4. Ah, ‘tis enough to drive a murderin’, thievin’ boss of a drug cartel t’drink!

When government bribes fail, you’d think you could at least count in a solid business relationship to maintain the alliance against the bureaucrats.

But no, you say help the makers and distributors or Smirnoff and Tanq and—lord help us—Guinness, not to mention…well, hell yes! Let’s mention just Pernod-Richard and let you fill in the blanks, but that isn’t going to save you from a RICO investigation and prosecution when you’re found to be playing “scratch-my-back” with Columbian traffickers in narcotics. There may be better ways to outsell the government brands, but none quite as good. Money-laundering, that’s what they called it, and price-fixing via cheaper, and illegal, methods of distribution.

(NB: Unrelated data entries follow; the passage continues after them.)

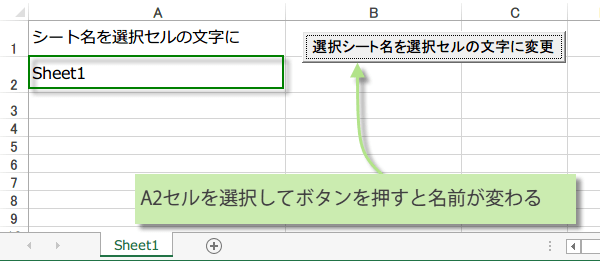 「選択シート名を選択セルの文字に変更」ボタンを押すとシート名が変わります。
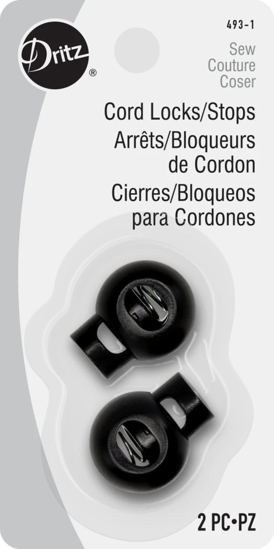 Dritz Cord Stops are the perfect tool to keep drawstrings in place. They not only keep cord ends from slipping into casings, but also add a decorative and finishing touch to your items. This package contains two black plastic cord stops.
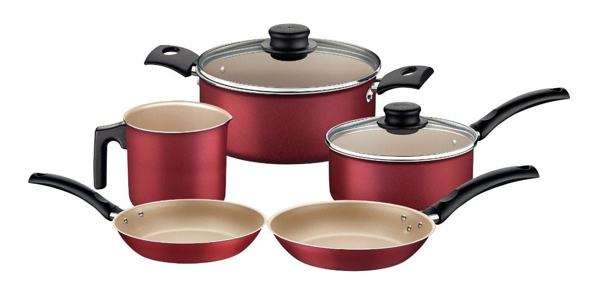 Com o jogo de panelas Tramontina Turim em alumínio com revestimento interno e externo em antiaderente Starflon Max vermelho 05 peças você terá os melhores itens para completar sua cozinha.
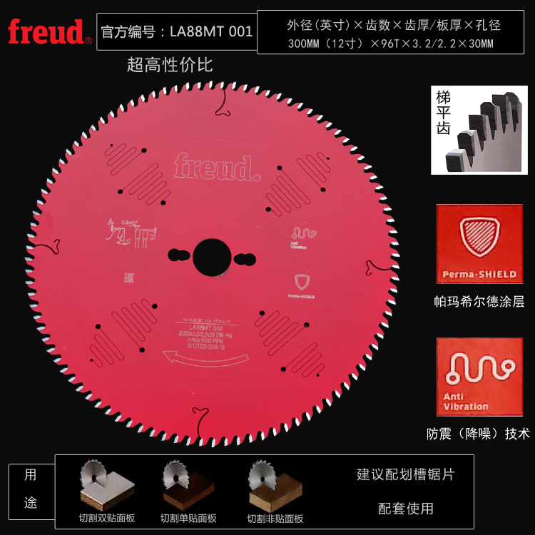 Original imported sharp invincible FREUD woodworking precision cutting board saw push table saw special alloy saw blade 12 inch 96 teeth
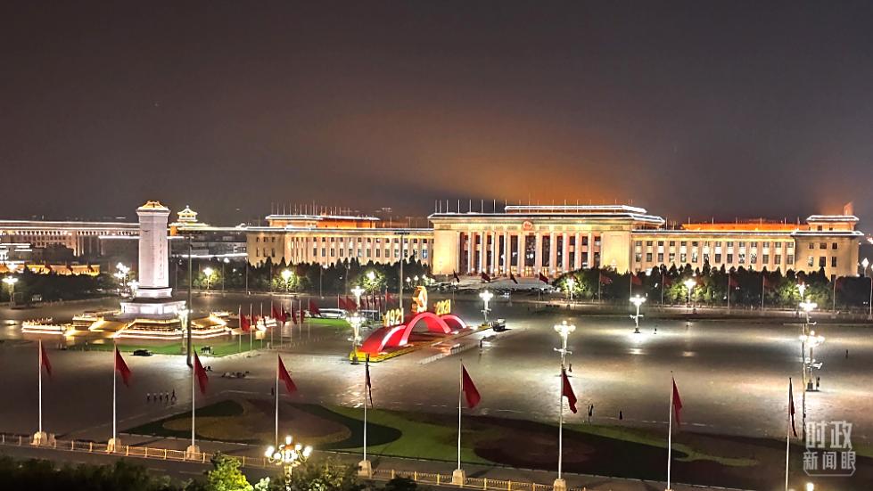 △7月6日,夜幕中的人民大会堂和天安门广场。(总台央视记者薛冠南拍摄)
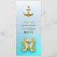 Oceanic Beach Themed Aqua Blue Wedding Menu Card with gold seahorses and anchors.
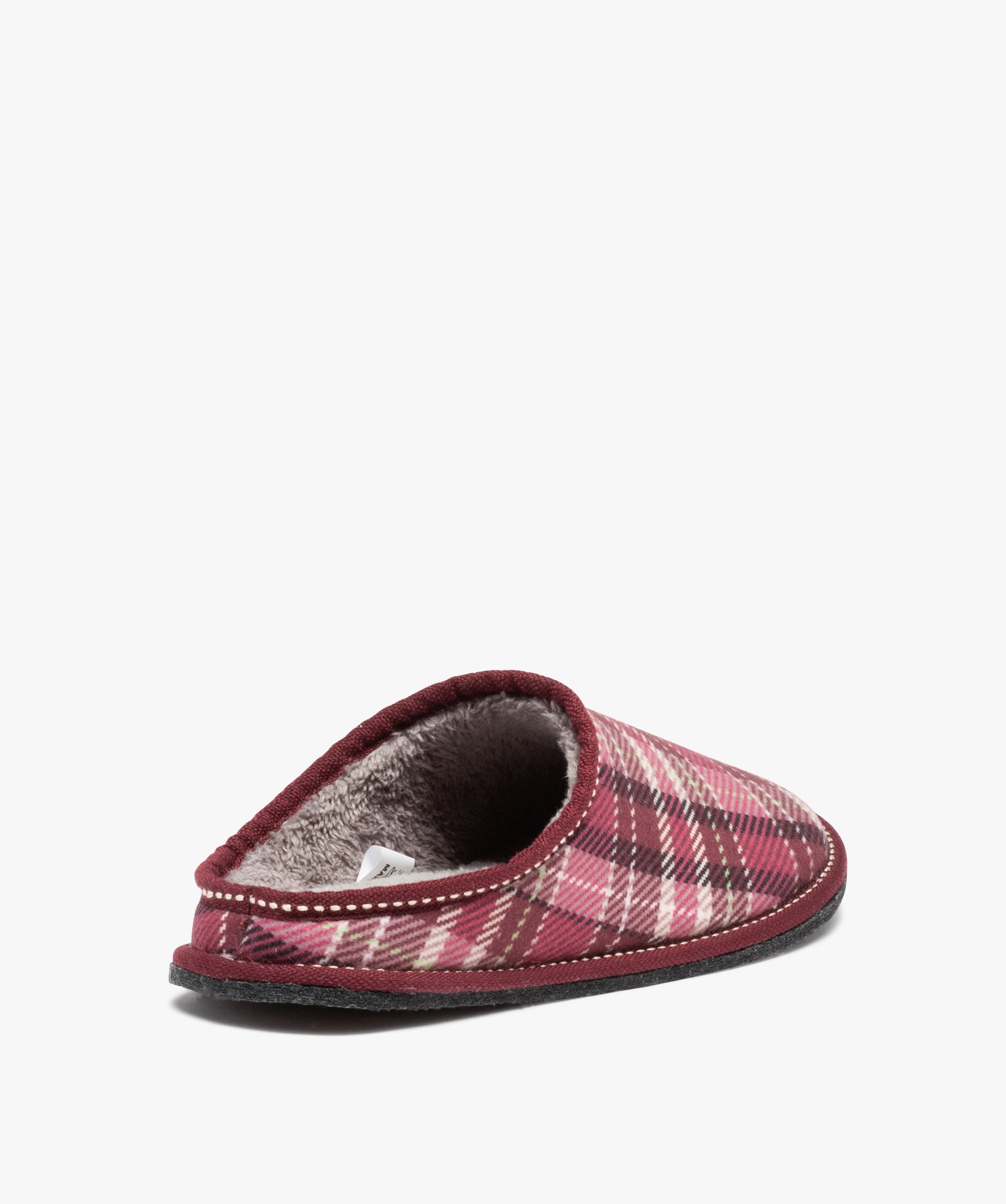 Laissez-vous tenter par ces chaussons femme tout doux, vous ne le regretterez pas ! La tige est en velours ras imprimé de carreaux écossais sur le dessus. Quant à l’intérieur, il est tapissé – doublure et semelle – d’un textile velouté doux et moelleux. Ces mules d'intérieur à talon plat disposent d’une forme bien couvrante qui tient bien au pied à chaque pas. Des chaussons incontournables pour cet hiver ! A noter, la semelle d'usure en feutre vous permet de marcher en toute discrétion.
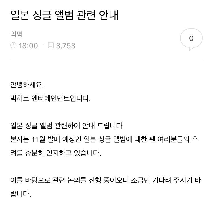 防彈少年團公司宣布日文單曲將於11月發行,內容除舊歌外,將加入由AKB48製作人秋元康填詞的新歌《Bird》,引來大批網友抗議。網友指出秋元康是「親日派」,和日本首相安倍晉三關係良好,更起底兩人合照,直指秋元康就是右派人士,因而留言表示「立刻中止和右翼作詞家的合作」、「我喜歡的是唱韓文歌的防彈」、「不要特優日本市場」,甚至揚言「不接受撤回歌曲以外的回應」。

And even if I must face the revenue rule, common law doctrine which prevents the courts of one sovereign nation from enforcing the tax claims of another, I can readily dismiss the tax issue and allow the bulk of the suit to proceed. It is all well and good to say: My country right or wrong, and my taxes as well. But when a sovereign state brings a suit as a commercial actor, it should have the same rights or wrongs as any other capitalist. And we don’t want to set a precedent, now do we?

Of course, to win the suit it would have to show that their lost sales were directly attributable to the money-laundering. And those closing arguments would have to be heard elsewhere.

But, for now, last call has been given at these taps.